Step 10 In the User Password field, enter the password for this user (maximum is 32 characters). This is the same user password that you configure for the VPN 3002 on the central-site VPN Concentrator.

Step 11 In the User Verify field, reenter the user password to verify it. The field displays only asterisks.


Note When you enable interactive hardware client authentication for a group, the VPN Concentrator pushes that policy to the VPN 3002s in the group. If you set a username and password on the VPN 3002 and later enable interactive hardware client authentication for the group to which the VPN 3002 belongs, the software deletes the username and password from the configuration file, and from the password field in the html interface. When you try to connect, the software prompts you for a username and password.


Step 12 Click Continue to apply your changes and proceed. Click Back if you want to return to the Configuration | Quick | Public Interface screen.


Configuring PAT or Network Extension Mode

The Manager displays the Configuration | Quick | PAT screen.

Figure 3-12 Configuration | Quick | PAT Screen

You use this screen to configure this VPN 3002 to use either PAT or Network Extension mode.


Step 1 Accept the default, Yes, if you want to use PAT. Otherwise, check No, use Network Extension mode. Note that you cannot disable PAT if you have not changed the IP address for the private interface.

Step 2 Click Continue to proceed with quick configuration, or click Back to return to the Configuration | Quick | IPSec screen.
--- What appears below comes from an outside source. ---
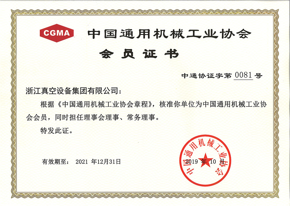 中國通用機械工業協會會員證書

See the sections below for more information about PAT and Network Extension mode.

Online Technical Snapshot Explains PAT and Network Extension Modes

To view a brief interactive multimedia piece that explains the differences between the two modes, go to this url:

http://www.cisco.com/mm/techsnap/VPN3002_techsnap.html

Your web browser must be equipped with a current version of the Macromedia Flash Player to view the content. If you are unsure whether your browser has the most recent version, you may want to download and install a free copy from:

http://www.macromedia.com/shockwave/download/index.cgi?P1_Prod_Version=ShockwaveFlash

Client Mode (PAT)

Client mode, also called Port Address Translation (PAT) mode, isolates all devices on the VPN 3002 private network from those on the corporate network. In PAT mode:

IPSec encapsulates all traffic going from the private network of the VPN 3002 to the network(s) behind the Internet Key Exchange (IKE) peer, that is, the central-site VPN Concentrator.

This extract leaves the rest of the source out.